- What is being asked: Give a bare count of the lines with "fall" in the material below.

- Supplied records:

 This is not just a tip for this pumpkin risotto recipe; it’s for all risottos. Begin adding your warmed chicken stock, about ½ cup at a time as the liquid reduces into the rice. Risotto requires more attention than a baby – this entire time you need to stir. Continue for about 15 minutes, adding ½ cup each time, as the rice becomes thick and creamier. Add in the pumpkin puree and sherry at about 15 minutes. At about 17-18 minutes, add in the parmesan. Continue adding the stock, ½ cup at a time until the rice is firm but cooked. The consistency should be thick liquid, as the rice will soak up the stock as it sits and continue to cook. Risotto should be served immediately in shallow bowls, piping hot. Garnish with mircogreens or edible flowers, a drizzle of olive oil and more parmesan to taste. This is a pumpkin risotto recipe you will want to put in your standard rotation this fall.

---

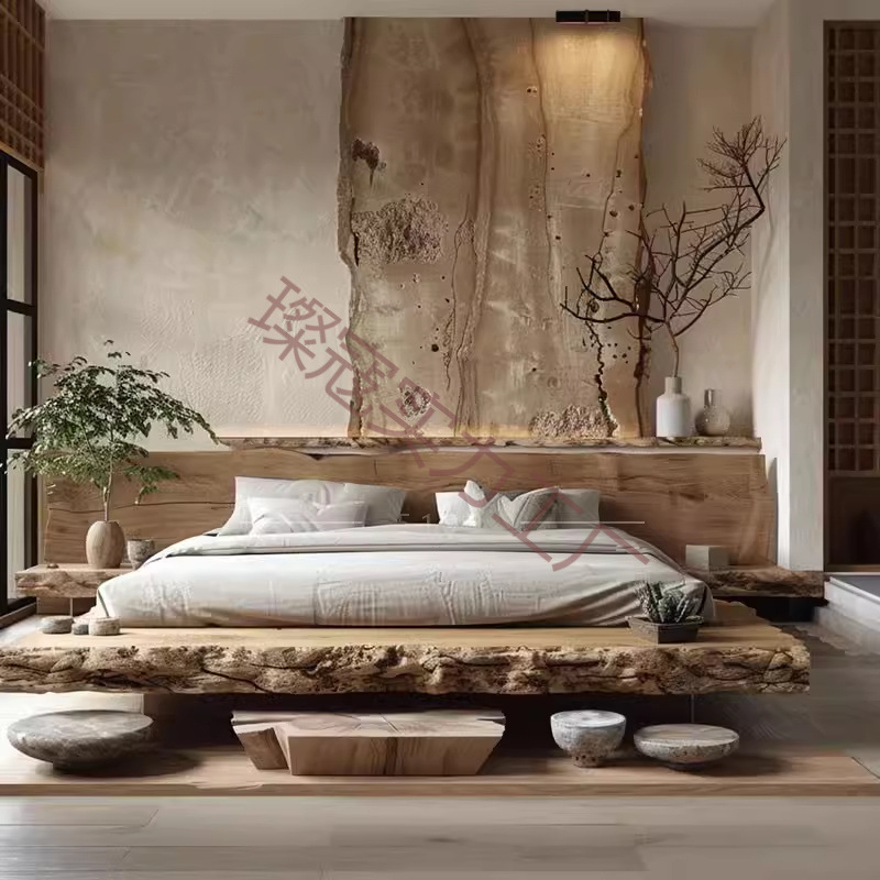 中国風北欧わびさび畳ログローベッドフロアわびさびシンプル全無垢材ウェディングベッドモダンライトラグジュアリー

==

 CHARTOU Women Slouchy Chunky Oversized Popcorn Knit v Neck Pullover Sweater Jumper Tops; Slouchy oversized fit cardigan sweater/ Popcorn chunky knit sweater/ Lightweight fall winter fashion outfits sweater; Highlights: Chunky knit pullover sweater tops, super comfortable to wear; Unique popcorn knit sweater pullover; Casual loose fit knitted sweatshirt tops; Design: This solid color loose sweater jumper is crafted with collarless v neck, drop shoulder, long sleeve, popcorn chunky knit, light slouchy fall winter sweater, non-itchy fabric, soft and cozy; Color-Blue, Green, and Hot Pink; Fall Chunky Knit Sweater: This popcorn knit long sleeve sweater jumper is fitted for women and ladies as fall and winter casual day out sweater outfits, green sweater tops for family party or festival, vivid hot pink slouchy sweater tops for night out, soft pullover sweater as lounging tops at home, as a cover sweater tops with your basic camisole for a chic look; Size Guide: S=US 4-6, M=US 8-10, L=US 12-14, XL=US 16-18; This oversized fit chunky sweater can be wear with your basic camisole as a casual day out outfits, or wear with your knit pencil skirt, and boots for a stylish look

- Response for this exercise: 2